6.4 Effective engagement should combine support for groups that are already engaged and a gradual process of awareness raising and enabling measures addressing those groups that have yet to be reached. This is where local measures, building links between communities, schools, businesses and existing groups have a real role to play.

6.5 Recording and monitoring local wildlife, undertaking management or enhancement works and identifying future needs, provided it is easy to share and access information, will not only further stimulate awareness and involvement locally but contribute to and be coordinated with regional and national objectives.
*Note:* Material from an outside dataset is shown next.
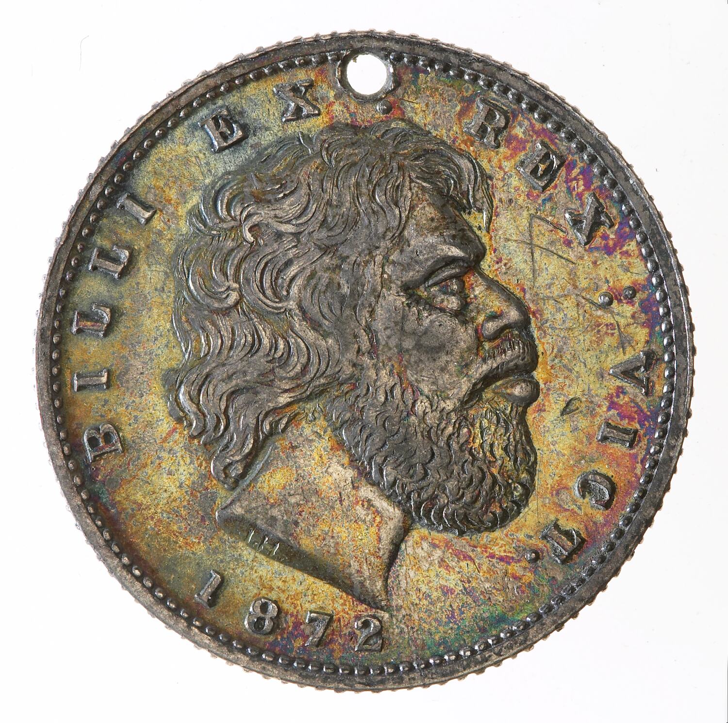 BILLI EX : REX : VICT./1872 Head of a bearded Aborigine facing right, Initials I.H under neck truncation.
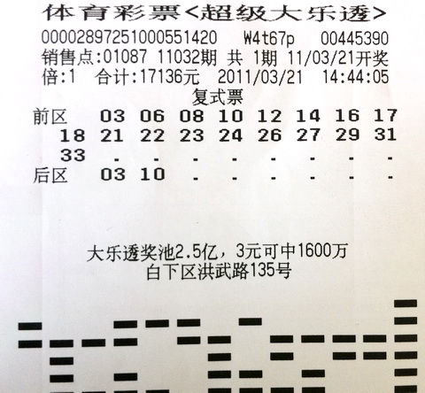 同样是复式票,南京市白下区洪武路135号的01087站点一位彩民中得第11032期大乐透130270元,值得一提的是,他的一张复式票上一共中奖8568注!

We consider this critical to building links between local communities, record centres and recording group; to the appraisal, effective management and monitoring of local wildlife sites, green corridors, ecosystem services and biodiversity offset sites; as well as to recruiting and maintaining a body of dedicated and skilled recorders across the country.

26 September 2011

1 http://www.nfbr.org.uk

2 HM Government (2011) The Natural Choice—securing the value of nature. TSO.

3 Lawton, J H, Brotherton, P N M, et al (2010). Making Space for Nature: a review of England’s wildlife sites and ecological network. Report to Defra.

4 UK National Ecosystem Assessment (2011). The UK National Ecosystem Assessment: Synthesis of the Key Findings. UNEP-WCMC, Cambridge.

5 Defra (2011). Government response to Making Space for Nature review.

6 ALGE (2005) Increasing the Momentum.